Текст своего отчета Коля к тому времени знал уже наизусть. Всю ночь, ни с кем не советуясь, не отвечая на расспросы и, рискуя снова рассориться со Светой, он ходил по комнате, обдумывая нужные слова. Дел такого рода за время Колиной службы еще не попадалось, но посоветоваться было не с кем. Что скажет жена, он знал и так. А больше доверять было некому. Не с Морским же обсуждать его драгоценную персону?

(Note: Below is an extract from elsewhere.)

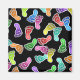 Ilustracion de muchas huellas coloridas con caras sonrientes felices pisoteando sobre un fondo negro. Imagen disponible en varios regalos y productos.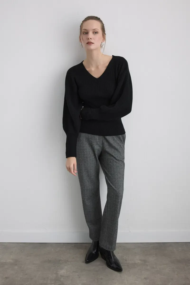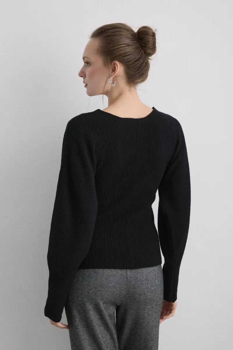 The batwing sleeve detail offers a dynamic silhouette. The woolen texture provides warmth while enhancing style. Perfect for both casual and office outfits.

«Андрей Маркович Гавриловский — любимый и единственный сын адвоката и купчихи, бежавших из России от Великой Октябрьской революции и ненавидящих нашу страну, — нарочно казенными и высокопарными фразами начал отчет Николай. — Такое отношение видно из опубликованных в эмигрантской прессе статей Гавриловского-старшего. Судя по откровенным признаниям в последней беседе, сын тоже унаследовал семейные заблуждения. Однако, в знак своей дружбы с Луи Арагоном и из-за хорошего гонорара, Гавриловский-младший согласился принять участие в поездке и отправился в СССР. В первый же день он обратил внимание на Милену Иссен, которая была довольно привлекательной женщиной, однако придерживалась прямо противоположных взглядов на свою когда-то по ошибке покинутую Родину. Во время поездки у Милены и Гавриловского завязались близкие отношения личного и интимного характера», — последним оборотом Коля особенно гордился, считая, что, прочтя такое, никто не усомнится в искренности и полнейшей глупости автора текста. — «Для Гавриловского это было серьезное чувство, для товарища Иссен — мимолетное увлечение, ничуть не меняющее ее дальнейшие планы. А в планах у гражданки Иссен был побег от кабалы капитализма и жизнь в СССР. Причем, с мужчиной, в которого она была влюблена в юности и которого собиралась сейчас разыскать — она узнала, что он живет в Киеве и планировала уговорить его бросить семью и уехать на Урал. Там проживала сестра Милены, давно уехавшая из Харькова. Планам гражданки Иссен мешало только одно — неусыпный контроль со стороны правоохранительных органов, под которым она никак не могла бросить делегацию, сбежать и раствориться среди советских граждан. Тогда гражданка Иссен задумала выехать из Харькова по документам Ирины Онуфриевой, нечаянное свое сходство с которой обнаружила, посетив выступление нашей балетной труппы».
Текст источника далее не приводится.